Output, exactly and in full, only the lines from the one containing "Nature tossed us" to the last line of the data. Pictures should not appear.

— GIVEN ENTRIES —
........

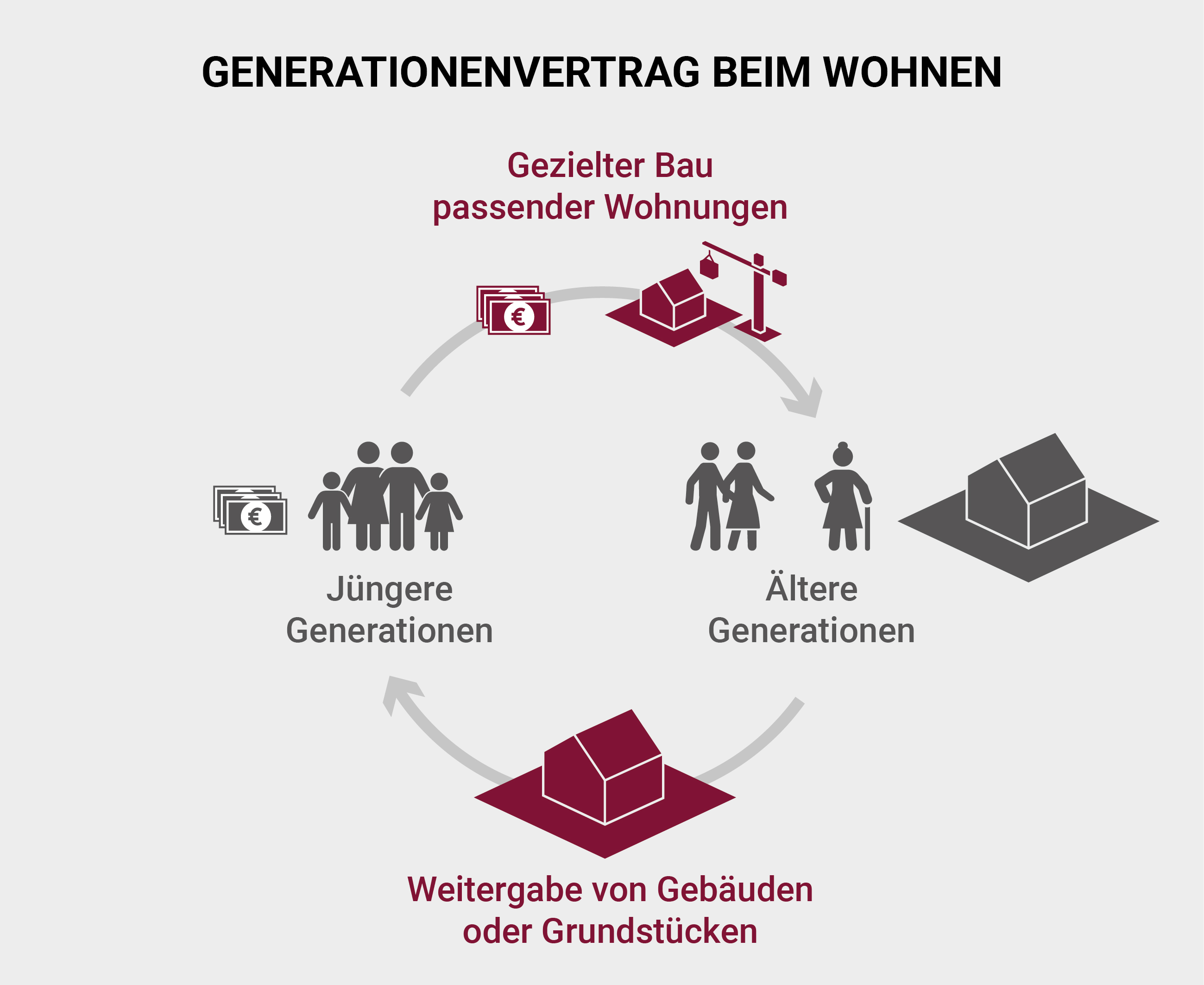 Der Begriff ‚Generationenvertrag‘ ist dabei bekannt aus der gesetzlichen Rentenversicherung. Es handelt sich um einen bildlich zu verstehenden, solidarischen Vertrag zwischen Generationen, der eine Umlagefinanzierung der Renten vorsieht. Überträgt man das Prinzip auf das Wohnen, kann stattdessen ein gegenseitiges Umlageverfahren aus unterschiedlichen Ressourcen gebildet werden. Dabei kann es keine pauschale Lösung geben.
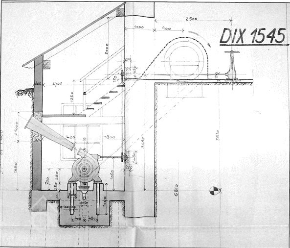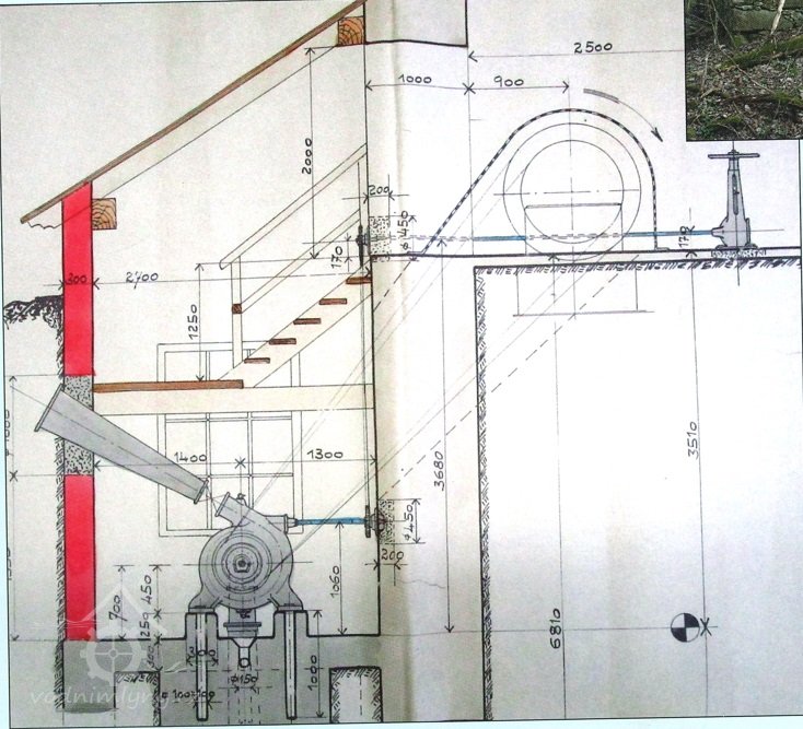 Popis1932 – Francisova spirální turbína o spádu 11 m, hltnosti 70 l/s a výkonu 9 HP.
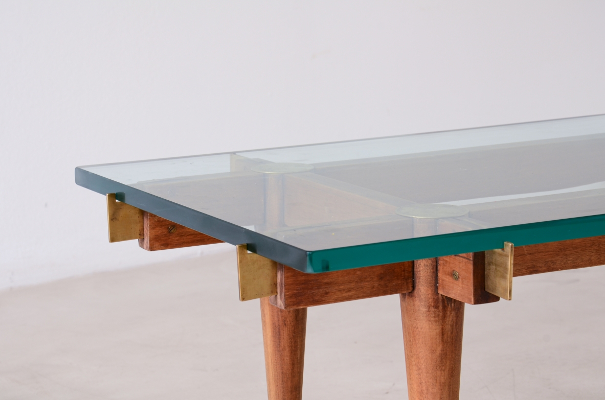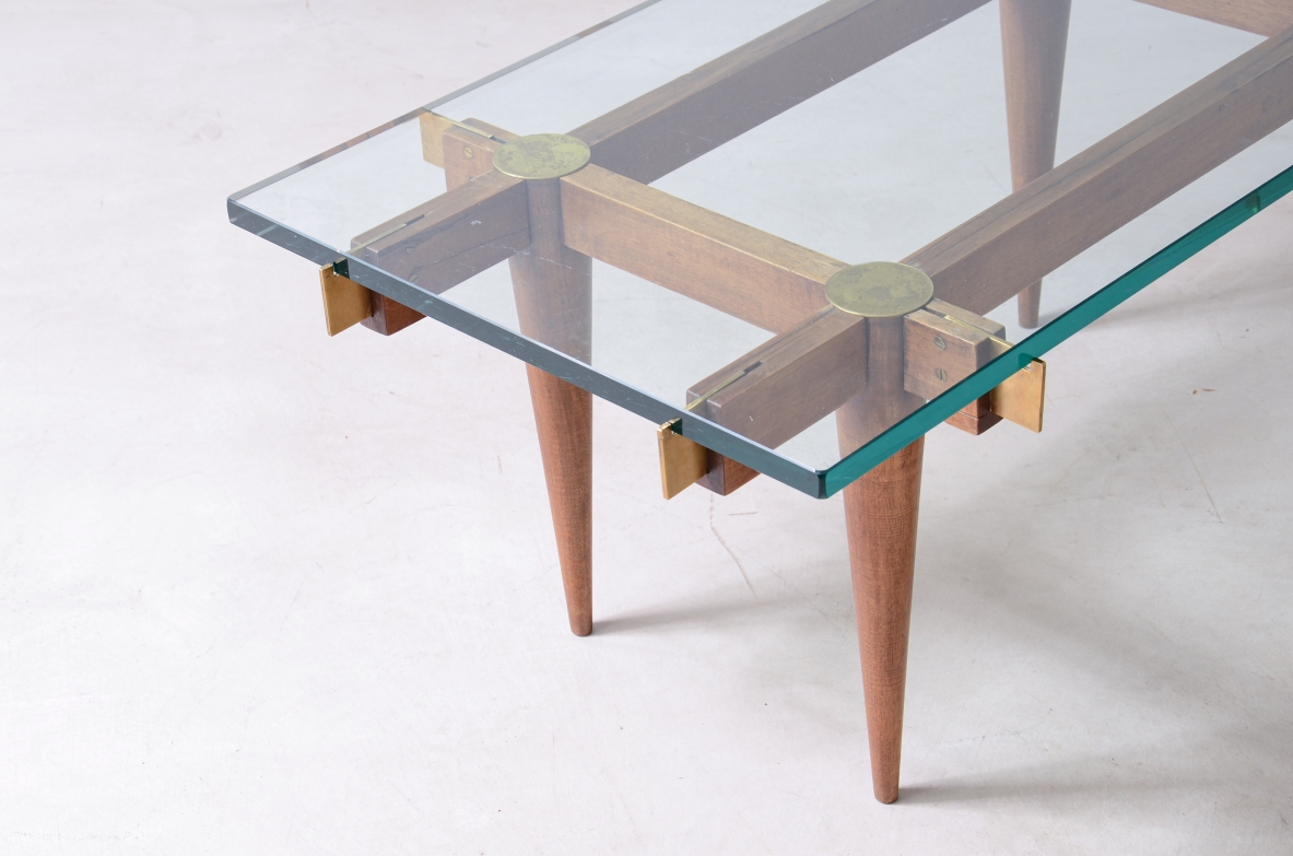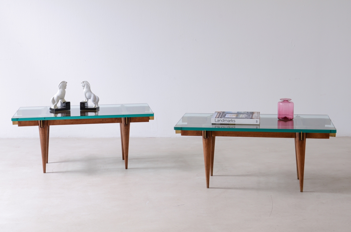 /en/detail/Pair-of-wood-and-brass-coffee-tables-with-thick-glass-tops-1950's
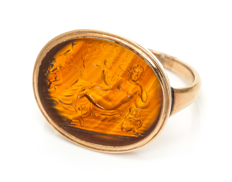 A Rose Gold and Citrine Hermaphrodite Intaglio Ring,
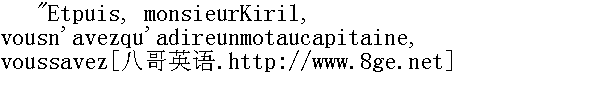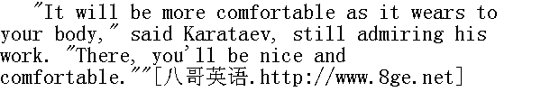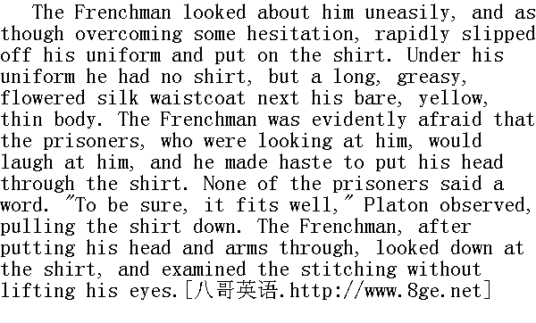Oh, c'estun...quinoubliejamaisrien.Ditesaucapitainequandilferasatournee, ilferatoutpourvous..."① ①法语: 还有, 基里尔先生, 您只要对上尉说一声就行了, 您知道......他这个人......什么都放在心上。他再来巡视时, 您对上尉说吧, 他什么都会为您办的...... The captain of whom the corporal spoke used often to have long conversations with Pierre, and did him all kinds of favours. 班长所说的那个上尉, 时常和皮埃尔长谈, 给他以各种照顾。 "'You see, St. Thomas," he said to me the other day, 'Kiril is a man of education, who speaks French; he is a Russian lord who has had troubles, but he is a man. And he understands ... If he wants anything, let him tell me, he shall not meet with a refusal. When one has studied, one likes education, you see, and well-bred people.' It's for your own sake I tell you that, M. Kiril. In the affair that happened the other day, if it hadn't been for you, things would have ended badly." "Vois-tu, St Thomas, qu'ilmedisaitl'autrejour: Kirilc'estunhommeguiadel'instruction, quiparlefranBcais;c'estunseigneurrusse, quiaeudesmalheurs, maisc'estunhomme.Etils'yentendle...S'ildemandequelquechose, qu'ilmedise, iln'yapasderefus.Quandonafaitsesetudes, voyezvous, onaimel'instructionetlesgenscommeilfaut.C'estpourvousquejediscela, monsieurKirBil.Dansl'affairedel'autrejoursicen'etaitavous, caauraitfinimal."② (The corporal was alluding to a fight a few days before between the prisoners and the French soldiers, in which Pierre had succeeded in pacifying his companions.) After chatting a little time longer the corporal went away.Several of the prisoners had heard Pierre talking to the corporal, and they came up immediately to ask what the latter had said. While Pierre was telling his companions what the corporal had said about setting off from Moscow, a thin, sallow, ragged French soldier came up to the door of the shed. With a shy and rapid gesture he put his fingers to his forehead by way of a salute, and addressing Pierre, asked him if the soldier, Platoche, who was making a shirt for him, were in this shed. 那个班长又闲谈了一会儿以后, 就走了。(那个班长所说的前几天发生的事, 是俘虏们和法国人打了一架, 皮埃尔劝阻了自己的同伴, 使事件平息下来了。)有几个俘虏在听了皮埃尔和那个班长的谈话之后, 立即问皮埃尔, 那个班长说了些什么, 皮埃尔告诉同伴们说, 班长说, 法国军队已经出发了, 这时, 一个面黄肌瘦, 衣衫褴褛的法国兵来到棚子门前。他向着皮埃尔迅速而胆怯地把手指举到额头表示敬礼, 他问皮埃尔, 给他缝衬衫的士兵普拉托什是否在棚子里。 The French soldiers had been provided with linen and leather a week previously, and had given out the materials to the Russian prisoners to make them boots and shirts. 一星期之前, 法国人领到了一批皮料和麻布, 分发给俘虏们缝制靴子和衬衫。 "It's ready, darling, it's ready!" said Karataev, coming out with a carefully folded shirt. On account of the heat and for greater convenience in working, Karataev was wearing nothing but a pair of drawers and a tattered shirt, as black as the earth. He had tied a wisp of bast round his hair, as workmen do, and his round face looked rounder and more pleasing than ever." 做好了, 做好了, 小伙子!"卡拉塔耶夫拿着叠得很整齐的衬衫走出来说道。由于天气暖和, 也为了干活方便, 卡拉塔耶夫只穿着一条裤子和一件黑得像泥土一样的破衬衫。他像工匠那样, 把头发用蒡提树皮扎了起来, 他的圆脸似乎比以前更圆更愉快了。 "Punctuality is own brother to good business. I said Friday, and so I have done it," said Platon, smiling and displaying the shirt he had made." 诺言--事业的亲兄弟。说星期五做好, 就星期五做好。"普拉尔笑着解开他缝好的衬衫说道。
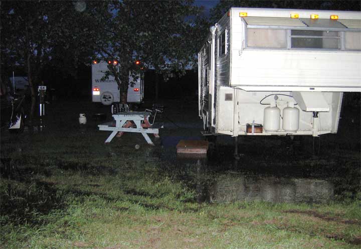 Nature tossed us a nasty storm Friday night and flooded our camp site. Notice the flooding below that was a big storm with hail and much more rain than expected.
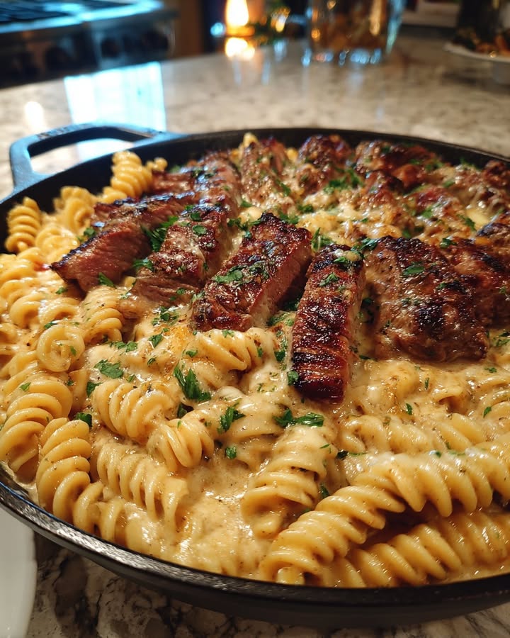 Descubre la receta de Pasta Cremosa Steak al estilo skillet jugosa y rápida perfecta para cenas especiales en familia o con amigos Pasta Cremosa Steak
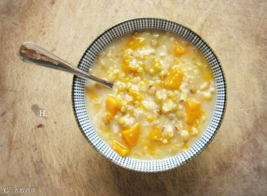 南瓜、马蹄、小米洗干净,放入锅内小火煮20分钟的绿豆百合里,开大火,煮开后小火熬;
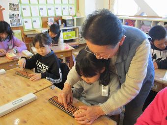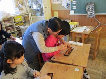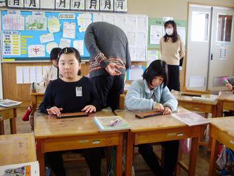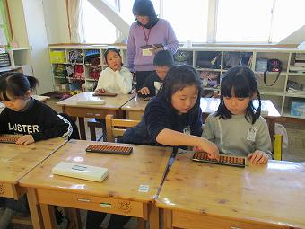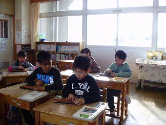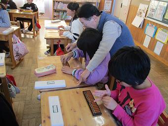 3年生と4年生が、地域のボランティアティーチャーをお迎えして、そろばんを学びました。3年生は玉の動かし方や10までの足し算、引き算を、4年生は、小数点のある数字の足し算、引き算をそれぞれ教わりました。どの子も意欲的、一生懸命、そろばんに取り組んでいました。来校いただき、教えていただきました地域の方には感謝の気持ちでいっぱいです。ありがとうございました。
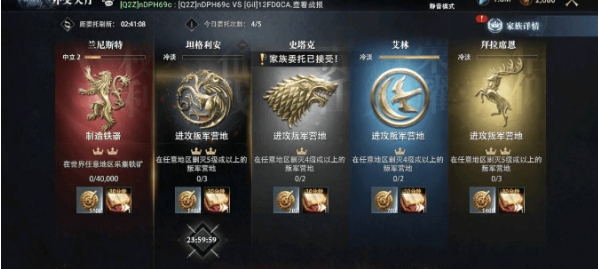 外交大厅在主堡9级时解锁,无需升级。在这里,我们可以接受各大家族的委托,完成委托任务就能领取研发加速等丰厚的奖励,并获得委托家族的好感度,提升家族的声望。当我们的声望达到一定等级后,就可以获得家族额外赐予的科研加速、兵种攻击、防御加成等强大祝福。声望满级的祝福效果甚至可达到加成度50%!
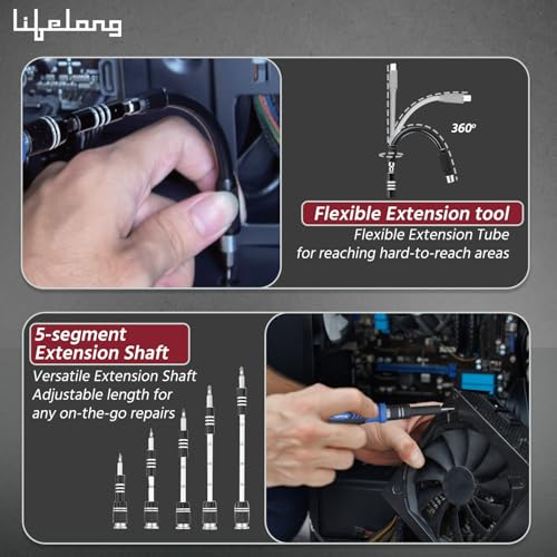 Multi-Function Kit: The Lifelong 62-in-1 electronics repair tool kit includes 58 precision bits such as Phillips, Torx, Flathead, Pentalobe, and more, along with a screwdriver handle, flexible and solid extension rods, and a 1/4-4mm driver adapter, catering to all your repair needs.
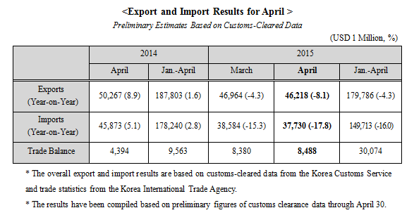 South Korea and India Upgrade Bilateral Relations to `Special Strategic Parnership' date2015-05-19 View Details South Korea and Japan's Business Leaders Support Trilateral FTA with China date2015-05-18 View Details South Korea and Romania to Strengthen Industrial Cooperation date2015-05-15 View Details South Korea, China and Japan Hold 7th Round of FTA Talks in Seoul date2015-05-13 View Details MOTIE Discusses Economic Cooperation with India date2015-05-11 View Details South Korea and Vietnam Officially Sign Free Trade Agreement date2015-05-07 View Details South Korea Posts Record Trade Surplus for 3rd Staight Month in April date2015-05-07 View Details President Park Geun-hye Returns Home After Four-Nation Tour of Latin America date2015-04-27 View Details South Korea and Brazil to Seek Bilateral Cooperation date2015-04-24 View Details first pageprev page231232233234235next pagelast page

........

— EXERCISE RESPONSE —
 Nature tossed us a nasty storm Friday night and flooded our camp site. Notice the flooding below that was a big storm with hail and much more rain than expected.
 Descubre la receta de Pasta Cremosa Steak al estilo skillet jugosa y rápida perfecta para cenas especiales en familia o con amigos Pasta Cremosa Steak
 南瓜、马蹄、小米洗干净,放入锅内小火煮20分钟的绿豆百合里,开大火,煮开后小火熬;
 3年生と4年生が、地域のボランティアティーチャーをお迎えして、そろばんを学びました。3年生は玉の動かし方や10までの足し算、引き算を、4年生は、小数点のある数字の足し算、引き算をそれぞれ教わりました。どの子も意欲的、一生懸命、そろばんに取り組んでいました。来校いただき、教えていただきました地域の方には感謝の気持ちでいっぱいです。ありがとうございました。
 外交大厅在主堡9级时解锁,无需升级。在这里,我们可以接受各大家族的委托,完成委托任务就能领取研发加速等丰厚的奖励,并获得委托家族的好感度,提升家族的声望。当我们的声望达到一定等级后,就可以获得家族额外赐予的科研加速、兵种攻击、防御加成等强大祝福。声望满级的祝福效果甚至可达到加成度50%!
 Multi-Function Kit: The Lifelong 62-in-1 electronics repair tool kit includes 58 precision bits such as Phillips, Torx, Flathead, Pentalobe, and more, along with a screwdriver handle, flexible and solid extension rods, and a 1/4-4mm driver adapter, catering to all your repair needs.
 South Korea and India Upgrade Bilateral Relations to `Special Strategic Parnership' date2015-05-19 View Details South Korea and Japan's Business Leaders Support Trilateral FTA with China date2015-05-18 View Details South Korea and Romania to Strengthen Industrial Cooperation date2015-05-15 View Details South Korea, China and Japan Hold 7th Round of FTA Talks in Seoul date2015-05-13 View Details MOTIE Discusses Economic Cooperation with India date2015-05-11 View Details South Korea and Vietnam Officially Sign Free Trade Agreement date2015-05-07 View Details South Korea Posts Record Trade Surplus for 3rd Staight Month in April date2015-05-07 View Details President Park Geun-hye Returns Home After Four-Nation Tour of Latin America date2015-04-27 View Details South Korea and Brazil to Seek Bilateral Cooperation date2015-04-24 View Details first pageprev page231232233234235next pagelast page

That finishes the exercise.